The Jen-Hsun Huang and Lori Mills Huang Collaborative Innovation Complex at Oregon State University will feature one of the nation's most advanced supercomputers. Fully capturing the rejected heat from the supercomputer will improve the overall energy performance of the district plant. 

Integrating Onsite Data and Aligning Space Uses to Balance Utility Loads

Bringing data centers closer to the urban centers where their energy and data services are in highest demand can help not only to optimize real estate and energy efficiency, but can also reduce latency.

Headquarters to PAE, whose work prioritizes regenerative engineering, the mixed-use, multi-tenant PAE Living Building in Portland, Oregon, operates as net zero energy, water, and carbon. The all-electric building includes a small data center to support tenants’ technologies. To offset the heat being generated, PAE placed the building’s domestic hot water heat pump—which emits cool air—directly across from the data center, balancing the spaces’ waste outputs and minimizing their energy use with a simple colocation strategy.

The all-electric PAE Living Building includes a small data center to support tenants’ technologies.

Leveraging Mass Timber for Speed, Sustainability, and Strength

Mass timber lends itself to a “kit of parts” approach, making it ideal for faster assembly compared to concrete or steel. Quicker construction schedules help reduce costs, especially in dense urban environments where logistics are more complex. The community benefits too, from timber manufacturing’s significantly lower carbon emissions versus traditional materials like concrete and steel, saving over 50% of the embodied carbon footprint of a project when factoring in the carbon stored in the wood itself.

The PAE Living Building illustrates how mass timber can streamline delivery and support sustainability goals.
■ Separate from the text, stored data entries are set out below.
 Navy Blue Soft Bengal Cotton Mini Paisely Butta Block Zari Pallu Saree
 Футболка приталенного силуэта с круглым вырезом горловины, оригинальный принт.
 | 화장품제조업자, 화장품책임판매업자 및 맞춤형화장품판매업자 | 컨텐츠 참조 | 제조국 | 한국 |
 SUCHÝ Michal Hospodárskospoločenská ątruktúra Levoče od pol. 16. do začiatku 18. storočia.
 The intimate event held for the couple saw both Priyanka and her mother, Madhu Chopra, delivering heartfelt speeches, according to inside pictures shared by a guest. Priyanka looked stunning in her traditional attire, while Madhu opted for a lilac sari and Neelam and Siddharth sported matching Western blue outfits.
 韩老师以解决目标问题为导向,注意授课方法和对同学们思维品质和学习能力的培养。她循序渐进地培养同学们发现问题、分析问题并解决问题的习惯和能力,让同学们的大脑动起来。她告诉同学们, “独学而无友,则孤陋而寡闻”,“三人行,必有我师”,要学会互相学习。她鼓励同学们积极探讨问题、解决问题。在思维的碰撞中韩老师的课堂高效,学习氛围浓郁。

The five-story building was constructed in just over a year—a pace made possible in large part by its prefabricated timber frame. As a Living Building Challenge certified project, it proves that high-performance buildings can be built faster, cleaner, and more beautifully, even in tight urban conditions.

Bringing Sustainable Infrastructure Front-and-Center

Data centers are often hidden—by design and by default. But as their role in the digital economy grows, so should their visibility as responsible, community-integrated infrastructure. Thoughtful, regenerative design can help shift data centers from being perceived as isolated energy consumers to becoming integrated contributors to community and sustainability goals.
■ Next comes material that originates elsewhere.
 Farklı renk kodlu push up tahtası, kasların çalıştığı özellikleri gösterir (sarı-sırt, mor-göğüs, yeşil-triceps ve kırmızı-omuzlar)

Stanford University’s Central Energy Facility, while not a data center, offers a compelling parallel. Replacing a 100% fossil-fuel-based cogeneration plant, the facility now runs on grid-sourced electricity and features a first-of-its-kind heat recovery system. The result: a 68% reduction in greenhouse gas emissions, a 65% drop in fossil fuel use, and an 18% cut in water consumption campus-wide. Just as important, the facility was designed to be seen. Its design emphasizes lightness, transparency, and sustainability—communicating its purpose to the broader community.
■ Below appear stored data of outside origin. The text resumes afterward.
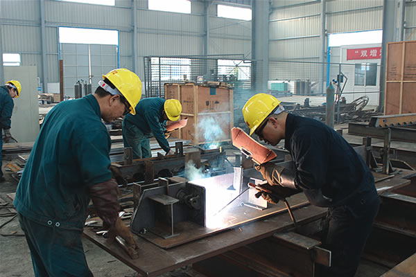 圖為職工在為支架主梁組焊。(黃優(yōu)中 攝)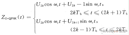 CC2420采用O-QPSK调制方式,图4为O-QPSK信号产生电路,Tb/2的延迟电路是为了保证I,Q两路码元偏移半个码元周期。BPF的作用是形成QPSK信号的频谱形状,保持包络恒定。O-QPSK信号的数学表达式为: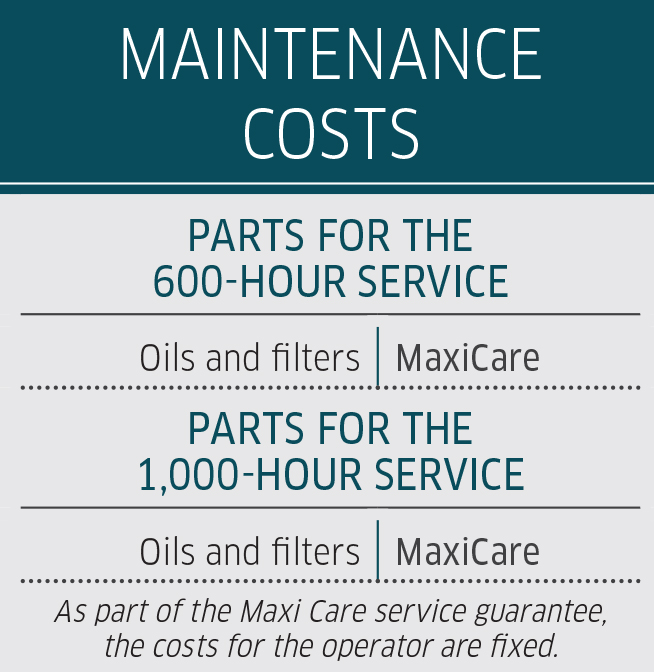 After clocking more than 4,900 hours, the owner’s first niggles relate to fuel: the 455- litre fuel tank is too small; and the driver shouldn’t rely on the fuel gauge as it doesn’t always truly reflect the actual diesel level in the two tanks — one left, one right. A much safer bet is to glance at the screen, which will tell you how much work you can still do before you’re in trouble.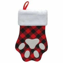 Celebrate your fur buddy this season with this super fun Christmas stocking. Perfect for a cat or dog with a white embroidered paw print over a buffalo plaid base shaped just like a paw print. Treat your pets to some awesome stocking stuffers this Christmas. Product Features: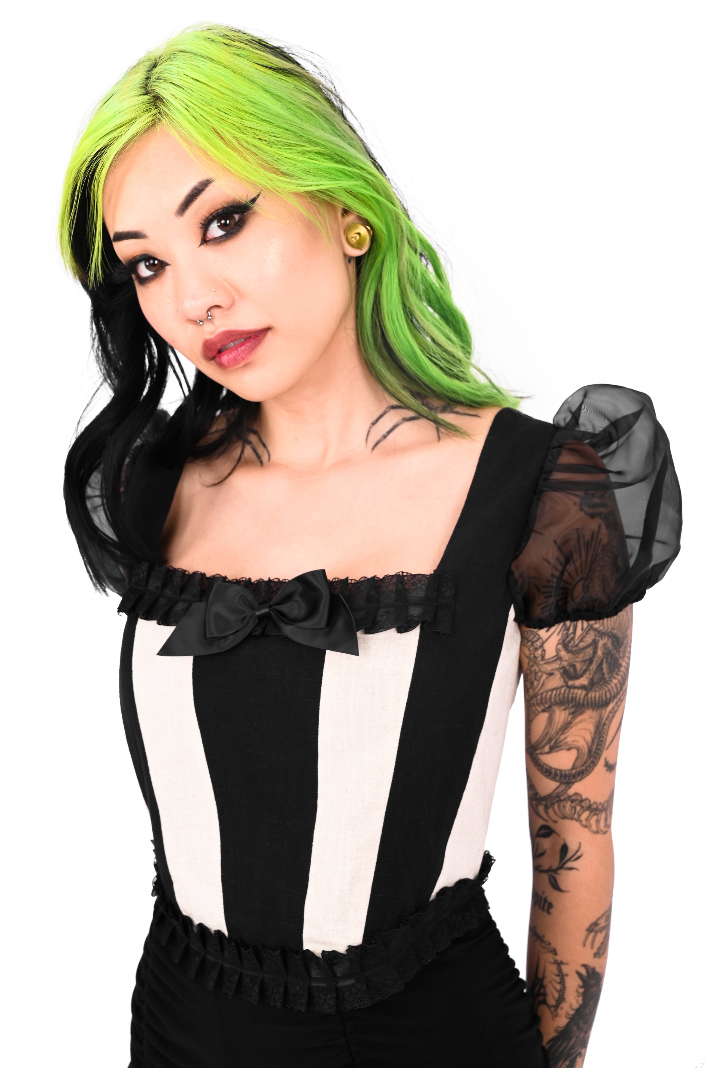 Black and off-white striped corset with organza puff sleeves, lace ruffling on the neckline and bottom hem, and a little satin bow in the middle of the neckline.
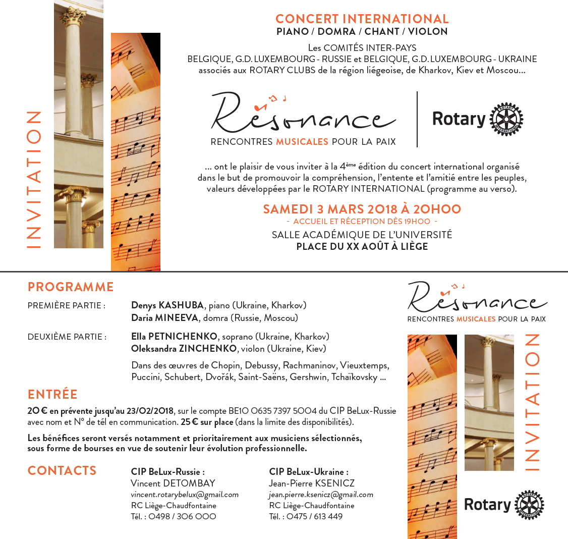 ENTRÉE 20 € en prévente jusqu’au 23/02/2018, sur le compte BE10 0635 7397 5004 du CIP BeLux-Russie avec nom et N° de tél en communication. 25 € sur place (dans la limite des disponibilités). Les bénéfices seront versés notamment et prioritairement aux musiciens sélectionnés, sous forme de bourses en vue de soutenir leur évolution professionnelle. Contacts : CIP BeLux-Russie : Vincent DETOMBAY / vincent.rotarybelux at gmail.com / RC Liège-Chaudfontaine / Tél. : 0498 30 60 00 CIP BeLux-Ukraine : Jean-Pierre KSENICZ / jean.pierre.ksenicz at gmail.com / RC Liège-Chaudfontaine / Tél. : 0475 61 34 49

This visibility matters. While data centers face unique operational challenges, transparency can help build public trust and demonstrate sustainability in action. Whether through visible clean energy systems, shared resources, or low-carbon materials, putting innovation on display marks a step toward more responsible digital infrastructure.

Stanford University’s Central Energy Facility

As AI continues to reshape daily life, data center design must undergo a similarly bold transformation to keep pace with accelerating demands and evolving technology. This shift calls for thoughtful, deliberate strategies—not just to meet performance expectations, but to build infrastructure that endures. When designed to give back—to communities, the environment, and the economy—data centers can become lasting assets, not just functional necessities. By prioritizing visibility, sustainability, and integration, they can move from being hidden consumers of resources to visible contributors to a more connected, resilient, and equitable urban future.